What is expected - An exact reproduction of the lines below, from the first through the one with "المد الفرعي المد المتصل", is the whole answer; pictures have no place in it.

(Source data)
□ □ □ □ □

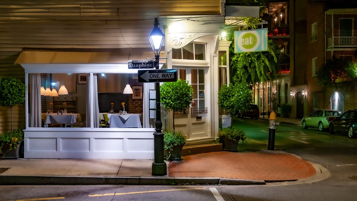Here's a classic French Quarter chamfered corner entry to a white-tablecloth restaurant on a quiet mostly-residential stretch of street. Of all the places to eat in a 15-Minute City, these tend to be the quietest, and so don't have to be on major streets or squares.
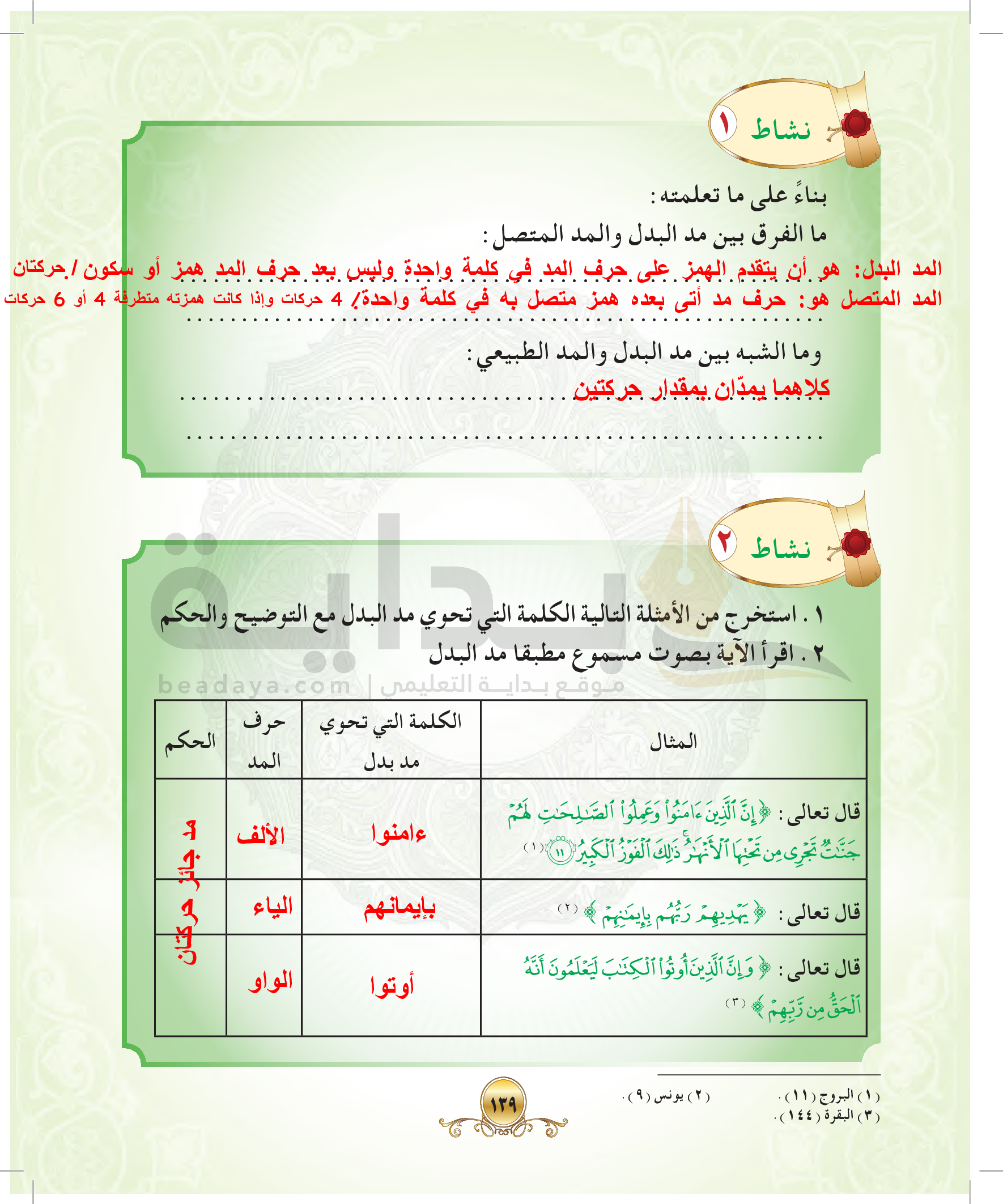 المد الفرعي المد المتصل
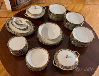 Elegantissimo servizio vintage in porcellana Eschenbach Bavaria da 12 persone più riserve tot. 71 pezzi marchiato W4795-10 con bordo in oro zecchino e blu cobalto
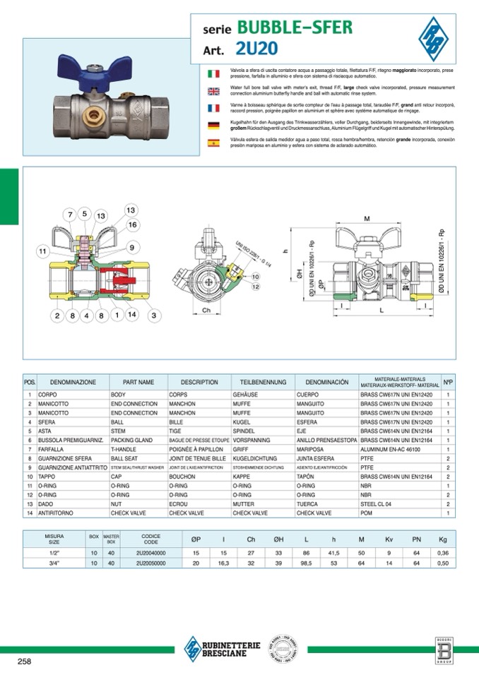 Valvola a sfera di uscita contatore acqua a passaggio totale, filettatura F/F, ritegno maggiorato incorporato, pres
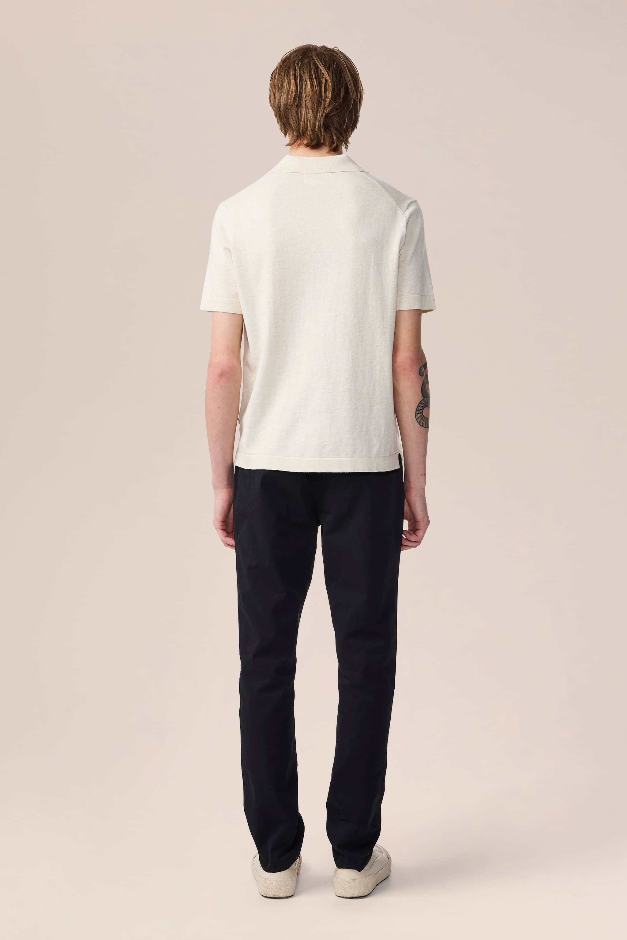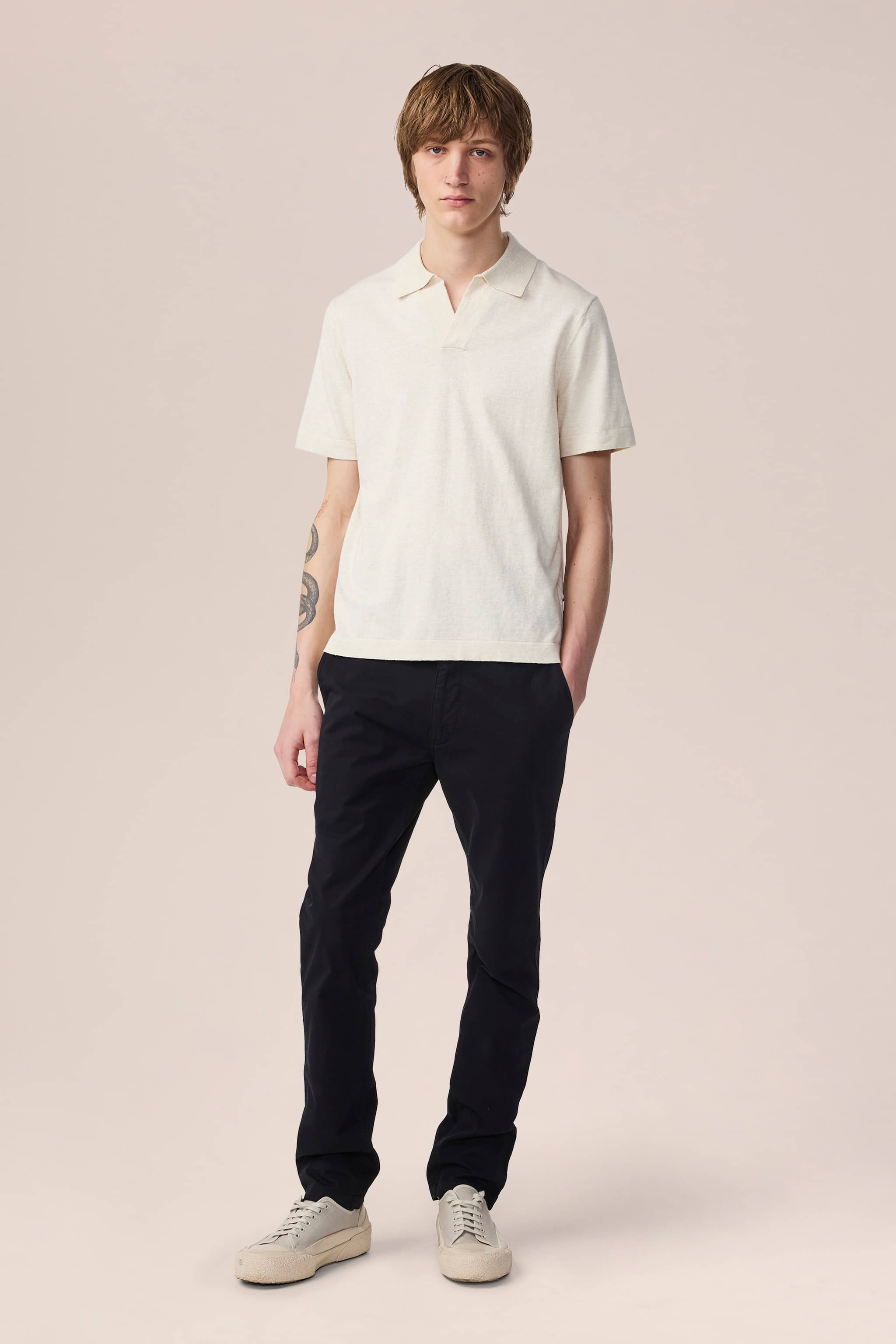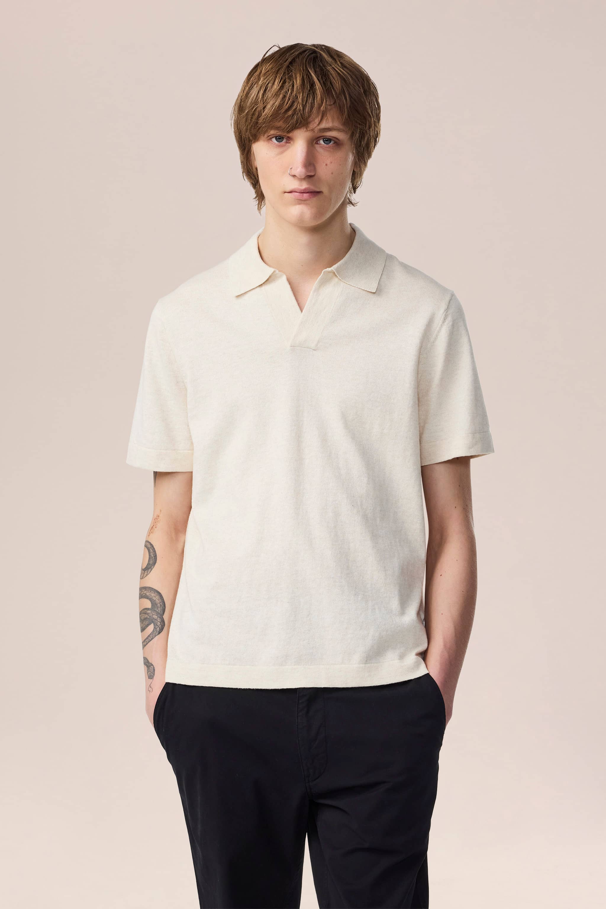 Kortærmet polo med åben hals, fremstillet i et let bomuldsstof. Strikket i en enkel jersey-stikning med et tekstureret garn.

□ □ □ □ □

Solution for this task -
Here's a classic French Quarter chamfered corner entry to a white-tablecloth restaurant on a quiet mostly-residential stretch of street. Of all the places to eat in a 15-Minute City, these tend to be the quietest, and so don't have to be on major streets or squares.
 المد الفرعي المد المتصل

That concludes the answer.